Besides those, there is just a higher onus on the person in a position of power, such as an employer vis-à-vis an employee, a lawyer vis-à-vis a client, an older/more successful person vis-à-vis someone younger and more fresh-faced, to ensure that consent is unequivocally expressed and the woman does not feel compelled in any way accede to a request to take the relationship elsewhere. The power imbalance in these cases cannot of itself vitiate consent.

Harvey Weinstein is considered a creep because he forced women to accede to his requests brushing aside their refusal or their discomfort, not simply because he expressed interest in women in less powerful positions. If age and power imbalance automatically vitiate consent, Michael Douglas is guilty of a lifetime of coercing Catherine Zeta Jones and Dilip Kumar has spent his life taking advantage of Saira Bano.

Minority, the other ground for vitiating consent that is under examination here, is a legal concept that has evolved over time.

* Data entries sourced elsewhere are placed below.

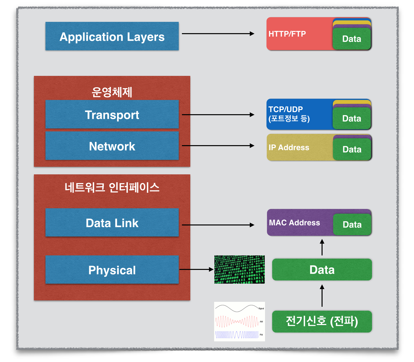 흐름의 이해를 돕기 위해 간략히 표현한 것이며, 실제로는 더 다양하다.OSI 7 Layer & TCP/IP 모델 설명글 보러가기
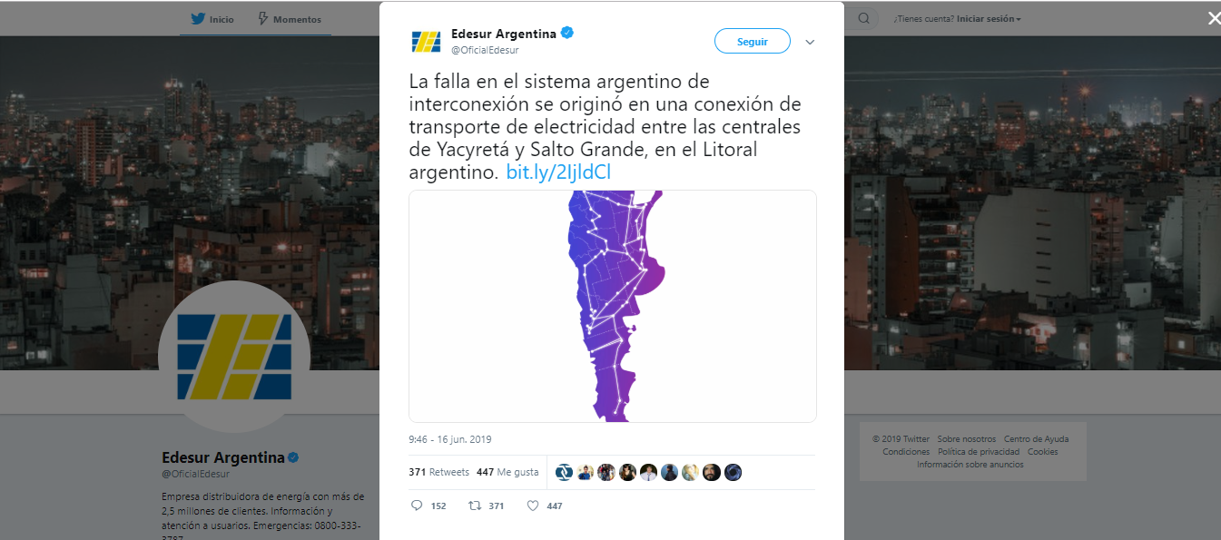 Edesur, la compañía encargada de dar servicio a la zona sur del país que tiene más de 2,5 millones de clientes, señalada inicialmente como responsable del problema emitió un comunicado aclarando que se trataba «de un fallo en el sistema argentino de interconexión (SADI), ajeno a nuestra empresa». Un fallo que dejó sin luz «a toda la Argentina y países limítrofes». A raíz de esta contingencia, Edesur montó su plan operativo de emergencia para hacer frente a la situación excepcional. Advirtió, además, que «la recuperación total del servicio llevará todo el día hasta que se logre el normal funcionamiento del sistema interconectado».
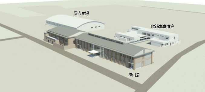 地方競馬からのお知らせ 2020/06/09 地方競馬教養センター新館建設工事のお知らせ 地方競馬教養センター(栃木県那須塩原市)では、騎手養成の充実を図るため、現在の研修館、体育館等を取り壊した跡地に、視聴覚を備えた教室やトレーニングルームなどの教育施設、研修施設、体育館及び事務所や会議室などの機能を統合した新たな建物(新館)の建設工事を令和2年4月から始めています。 新館のグランドオープンは、令和4年3月を予定しています。 【新館のイメージ図】
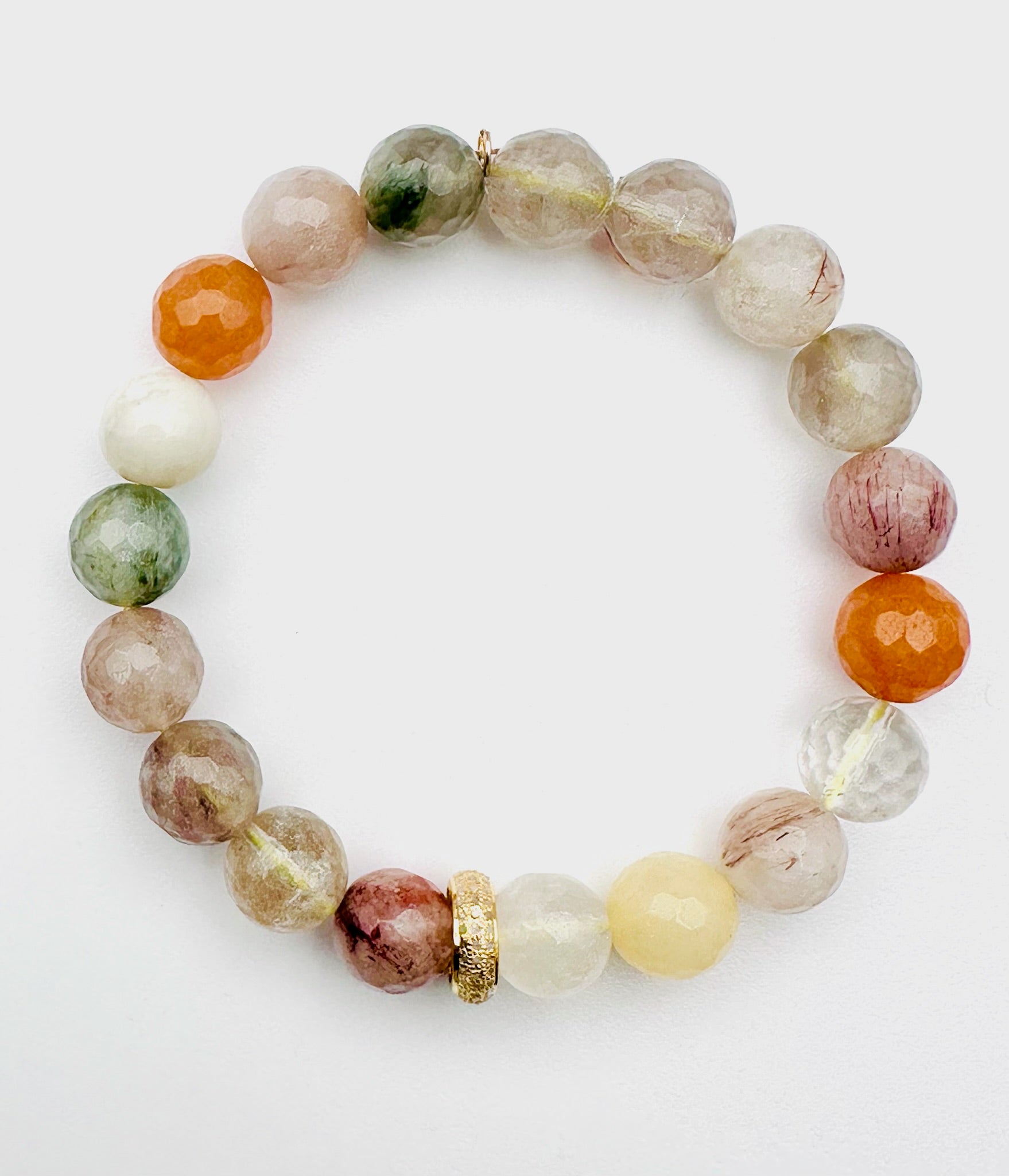 Multi Color Faceted Rutilated Quartz Ball Bracelet with Three Row Vermeil Diamond Rondelle

Child marriages came to be prohibited, and the age of consent to participate in an act of sexual intercourse was increased, both through legislative intervention. Here, the law has been the harbinger of social change. While most of our grandparents were married in their early teens, we, as a society, decided to extend the social contract to outlaw it, and it is now generally accepted that this was a change for the better.

There now exists a growing body of literature that criticises the fact that the socio-economic classes that have access to higher education have extended the idea of childhood well beyond the limit set by the law resulting in a generation that is still being “brought up” by their parents well into their twenties and does not take responsibility of their actions. While that is perhaps a discussion for another day, the point here is that once that age-limit is fixed by the law, it is a line drawn in stone. Of course, this has its own set of problems.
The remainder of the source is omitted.